WWF calls for caution over increase in bluefina tuna quota

Federation of Maltese Aquaculture Producers join Roderick Galdes in calling for an increase in Malta's bluefin tuna quota. 

Global conservation organisation WWF (World Wildlife Fund) called for caution over calls by agriculture parliamentary secretary Roderick Galdes for a substantial increase in Malta’s Bluefin tuna quota.

Galdes’ request followed a recent report published by the International Commission for the Conservation of Atlantic Tuna’s (ICCAT) Standing Committee on Research and Statistics that bluefin tuna populations are recovering. 

“The stock is no longer at risk of collapse, and this is a direct result of the current recovery plan.,” WWF Mediterranean’s Head of Fisheries Sergi Tudela said. “However, strong concerns remain, particularly regarding the traceability of the fish.”

“In order to ensure a sustainable fishery reliable data is important, but adequate means to fight Illegal, unregulated and unreported fishing (IUU) are also crucial”, Gemma Quilez Badia, WWF’s scientist attending the stock assessment meeting in Madrid said.
The current recovery plan includes the Bluefin Tuna Catch Document (BCD), which aims to ensure full traceability from catch to market. However, the WWF said that the current BCD system remains “plagued with shortcomings that compromise its ability to keep illegal bluefin products out of the market” and that the current BCD does not meet the minimum standards required under EU regulations.

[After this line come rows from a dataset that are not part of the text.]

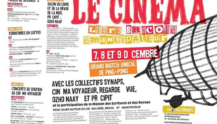 Trois jours autour du cinéma libre, bricolé et émancipateur à la Parole Errante / Salon du livre et des revues de la MER. « Grand match amical de ping-pong » les 7, 8 et 9 décembre avec les collectifs Synaps, Cinéma Voyageur, Regarde à Vue, Ozho Naayé et Précipité et la participation de la Maison des Ecritures … Lire la suite de Trois jours autour du cinéma libre, bricolé et émancipateur
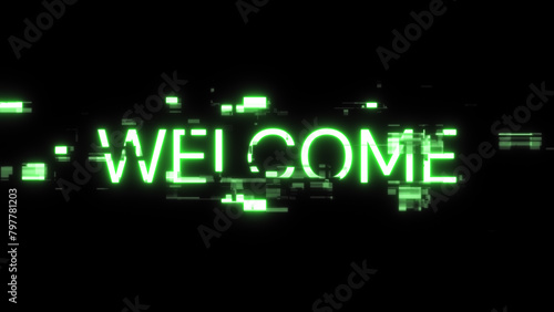 3D rendering welcome text with screen effects of technological glitches
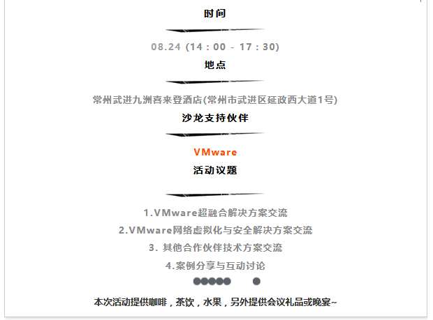 飞鸟主办的苏南IT技术沙龙【常州站】将于8月24号(周五)举办。本次交流会特邀的VMware专家将围绕“企业新一代虚拟化数据中心及私有云规划”这一主题,和大家分享超融合架构、网络虚拟化、桌面虚拟化等方面的最新技术方案及实用实践经验。如果大家有遇到相关的问题可以提前准备好,到时与专家们现场一起探讨。
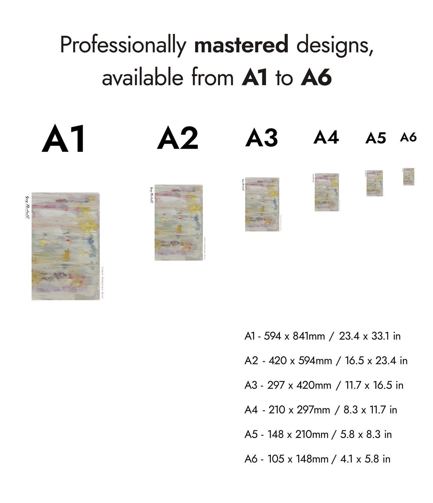 8 colour giclée print process on high-quality 230gsm archival matte paper. All our paper is FSC Certified and prints come with a lifetime fade-resistance guarantee.
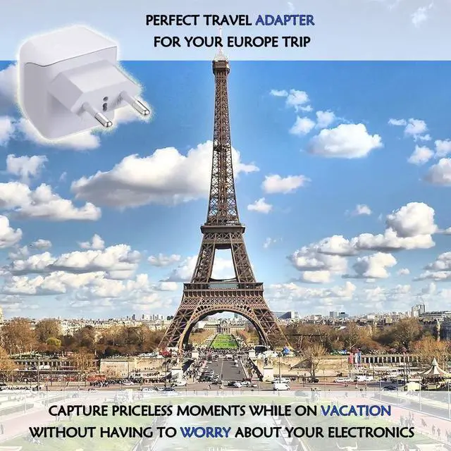 Turkey, Egypt, Iceland Travel Adapter Plug - Type C - Europe - 2 In 1 - Light Weight - Perfect for Cell Phones, Chargers, Cameras and More
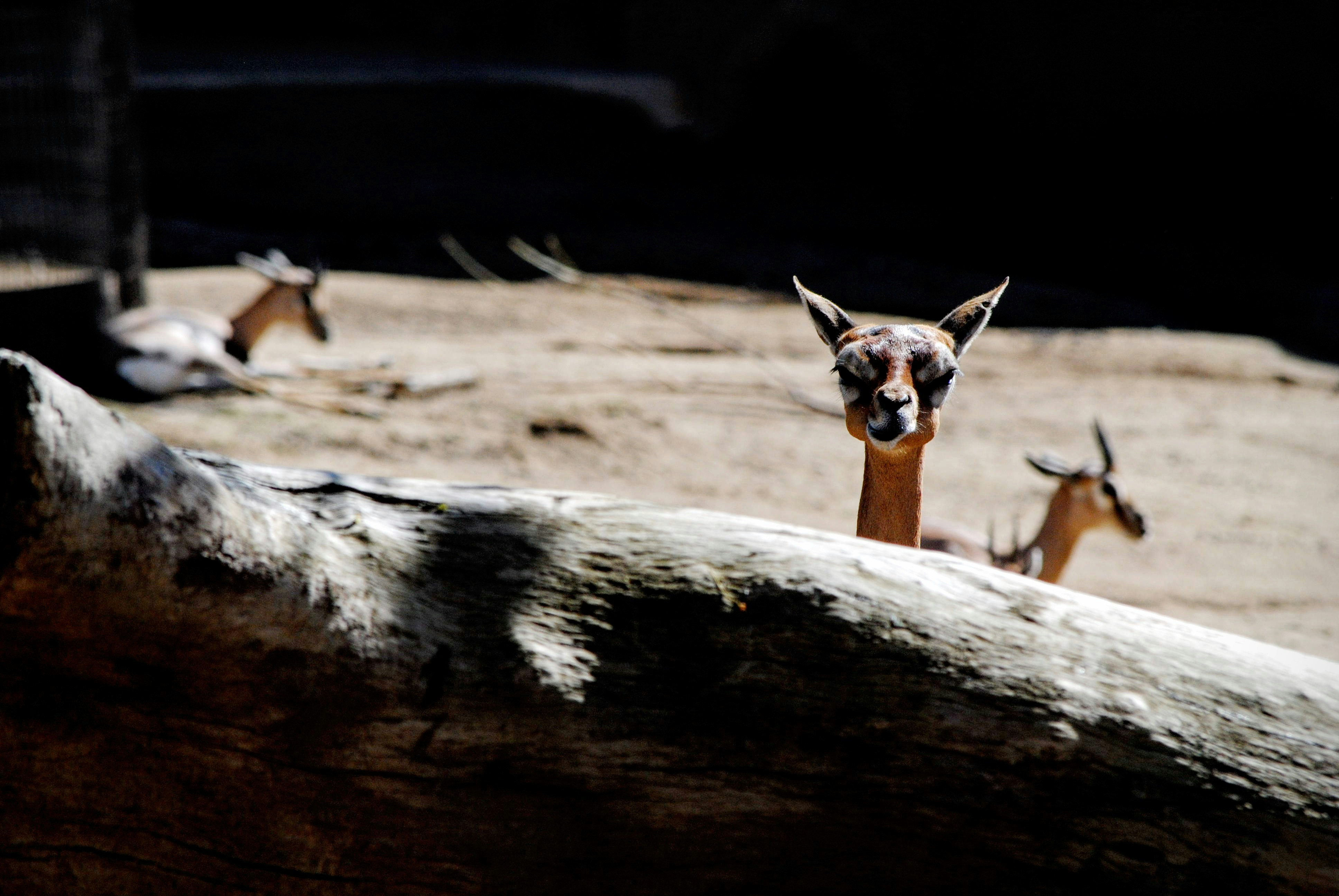 駱駝、動物園、林地、原木、樹木、深色、光、影、自然
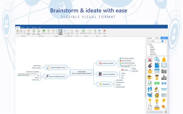 Hvis du er en Microsoft Office-bruker, vil du like det du ser med MindManager. Grensesnittet har faner på toppen med et bånd fullt av knapper under, og den blå aksenten får det til å se ut som Microsoft Word. Du har også nyttige verktøy i en sidefelt til høyre for formatering, en inspektør og et bibliotek.
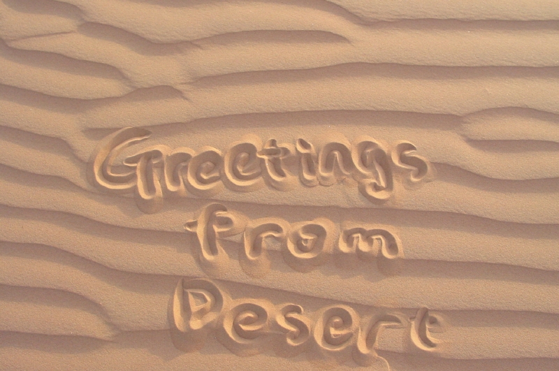 砂上に書いたメッセージを撮って友人にメール。これはかなりウケた(Photo:Hiroko Yoshizawa)
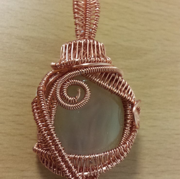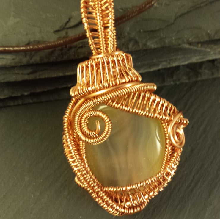 A smokey beige onyx oval shaped cabochon, 3.5 cm, has been wrapped using coated copper wire. It is a high complexity design, each is priced to reflect the time taken to create them. The total pendant is about 6cm. The bale is generous enough to take a variety of necklaces. Suitable matching wire torque and viking knit chain in the same wire will be available soon from my shop. Would look great even on ribbon/cord/leather.

“Reforming ICCAT’s BCD is a task of the utmost urgency to eradicate the illegal practices that have been plaguing this fishery, by ensuring only legal fish enters the global markets,” the WWF said.
“We might be very close to what would be a resounding success in the history of fisheries, the dream of a sustainable bluefin tuna fishery in the Eastern Mediterranean and the Atlantic –let’s hope the lessons of the past have been fully learned and that –at least this time- history doesn’t repeat itself.”

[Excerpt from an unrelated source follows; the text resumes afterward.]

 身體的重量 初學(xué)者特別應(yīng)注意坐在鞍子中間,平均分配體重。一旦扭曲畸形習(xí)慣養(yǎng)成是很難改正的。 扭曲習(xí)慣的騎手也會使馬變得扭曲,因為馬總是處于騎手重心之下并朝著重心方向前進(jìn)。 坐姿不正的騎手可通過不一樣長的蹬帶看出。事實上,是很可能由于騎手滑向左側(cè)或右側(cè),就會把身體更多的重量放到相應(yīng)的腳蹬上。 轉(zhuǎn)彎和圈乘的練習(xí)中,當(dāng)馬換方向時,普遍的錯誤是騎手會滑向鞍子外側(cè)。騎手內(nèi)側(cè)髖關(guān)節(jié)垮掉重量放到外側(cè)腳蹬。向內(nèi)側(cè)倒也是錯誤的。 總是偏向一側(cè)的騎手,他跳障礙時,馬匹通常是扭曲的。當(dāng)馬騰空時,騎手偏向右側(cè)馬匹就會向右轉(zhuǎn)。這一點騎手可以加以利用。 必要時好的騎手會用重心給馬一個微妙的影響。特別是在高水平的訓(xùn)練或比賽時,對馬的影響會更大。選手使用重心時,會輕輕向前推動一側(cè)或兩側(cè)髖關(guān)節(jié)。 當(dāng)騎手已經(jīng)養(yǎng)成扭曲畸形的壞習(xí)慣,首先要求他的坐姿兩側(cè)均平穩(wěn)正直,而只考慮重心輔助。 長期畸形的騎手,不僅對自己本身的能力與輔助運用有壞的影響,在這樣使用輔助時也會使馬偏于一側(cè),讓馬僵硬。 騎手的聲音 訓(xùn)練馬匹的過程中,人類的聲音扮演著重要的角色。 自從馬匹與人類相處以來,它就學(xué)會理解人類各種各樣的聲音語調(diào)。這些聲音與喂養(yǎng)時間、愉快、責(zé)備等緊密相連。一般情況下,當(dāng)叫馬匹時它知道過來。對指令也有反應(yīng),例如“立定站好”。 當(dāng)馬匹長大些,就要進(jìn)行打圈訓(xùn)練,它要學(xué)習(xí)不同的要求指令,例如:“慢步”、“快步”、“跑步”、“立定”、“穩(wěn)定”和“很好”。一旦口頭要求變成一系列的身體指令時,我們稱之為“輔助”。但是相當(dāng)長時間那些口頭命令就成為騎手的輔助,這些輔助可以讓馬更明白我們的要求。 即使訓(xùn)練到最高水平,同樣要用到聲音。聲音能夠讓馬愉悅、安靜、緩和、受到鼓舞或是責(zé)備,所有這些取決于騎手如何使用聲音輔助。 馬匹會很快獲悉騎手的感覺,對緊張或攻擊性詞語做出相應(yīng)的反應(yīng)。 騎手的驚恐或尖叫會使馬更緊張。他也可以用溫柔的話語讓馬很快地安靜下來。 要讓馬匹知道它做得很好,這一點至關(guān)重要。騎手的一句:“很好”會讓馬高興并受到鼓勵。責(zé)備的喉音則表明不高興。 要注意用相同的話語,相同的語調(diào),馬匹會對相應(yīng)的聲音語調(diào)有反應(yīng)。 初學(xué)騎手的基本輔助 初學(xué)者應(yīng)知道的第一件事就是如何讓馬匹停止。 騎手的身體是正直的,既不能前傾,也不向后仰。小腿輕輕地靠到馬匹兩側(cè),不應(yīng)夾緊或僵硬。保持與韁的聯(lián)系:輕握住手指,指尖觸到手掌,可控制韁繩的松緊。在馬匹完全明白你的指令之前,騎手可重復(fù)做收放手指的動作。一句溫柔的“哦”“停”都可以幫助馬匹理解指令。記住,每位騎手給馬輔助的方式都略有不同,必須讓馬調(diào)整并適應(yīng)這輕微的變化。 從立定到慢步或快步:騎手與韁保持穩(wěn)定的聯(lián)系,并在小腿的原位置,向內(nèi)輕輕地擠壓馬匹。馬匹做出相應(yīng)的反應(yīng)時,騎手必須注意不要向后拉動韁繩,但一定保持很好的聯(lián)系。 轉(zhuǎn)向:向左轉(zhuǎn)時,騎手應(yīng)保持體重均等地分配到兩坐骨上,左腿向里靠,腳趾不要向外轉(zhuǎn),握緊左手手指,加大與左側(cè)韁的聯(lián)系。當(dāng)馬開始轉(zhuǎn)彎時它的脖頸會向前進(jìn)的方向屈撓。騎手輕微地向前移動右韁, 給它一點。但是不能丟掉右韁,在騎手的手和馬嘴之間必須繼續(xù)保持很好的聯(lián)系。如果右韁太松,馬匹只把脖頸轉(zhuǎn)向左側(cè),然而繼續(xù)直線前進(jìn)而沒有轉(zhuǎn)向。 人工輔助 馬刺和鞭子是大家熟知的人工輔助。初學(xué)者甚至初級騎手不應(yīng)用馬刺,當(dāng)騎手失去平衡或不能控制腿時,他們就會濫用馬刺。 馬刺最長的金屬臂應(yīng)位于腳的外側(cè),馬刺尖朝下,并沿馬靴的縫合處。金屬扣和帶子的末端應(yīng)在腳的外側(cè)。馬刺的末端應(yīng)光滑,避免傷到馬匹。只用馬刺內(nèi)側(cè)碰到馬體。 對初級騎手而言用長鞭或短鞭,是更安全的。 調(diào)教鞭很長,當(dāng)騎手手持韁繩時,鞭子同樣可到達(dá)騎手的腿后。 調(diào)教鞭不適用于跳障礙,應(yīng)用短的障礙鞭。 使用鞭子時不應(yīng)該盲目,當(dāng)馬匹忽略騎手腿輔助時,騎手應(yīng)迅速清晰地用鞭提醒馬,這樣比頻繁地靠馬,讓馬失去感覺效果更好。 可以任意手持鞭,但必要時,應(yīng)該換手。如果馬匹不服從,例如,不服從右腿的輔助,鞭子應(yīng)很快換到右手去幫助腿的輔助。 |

However, the Federation of Maltese Aquaculture Producers (FMAP) joined Galdes in calling for an increase in Malta’s Bluefin tuna quota. They said that gradually increasing the catch quota over a period of years will allow the tuna population to keep on recovering.

“The present assessment has concluded that the stock of Bluefin tuna is looking very good and that even a strong increase in the total allowable catch will not affect the recovery plan which is presently in place,” the FMAP said in a statement. “

“The key word here is sustainability, not only in a biological sense, but also in an economic one.”

The total allowable catch for 2015 will be set at this year’s ICCAT annual meeting between 10-17 November.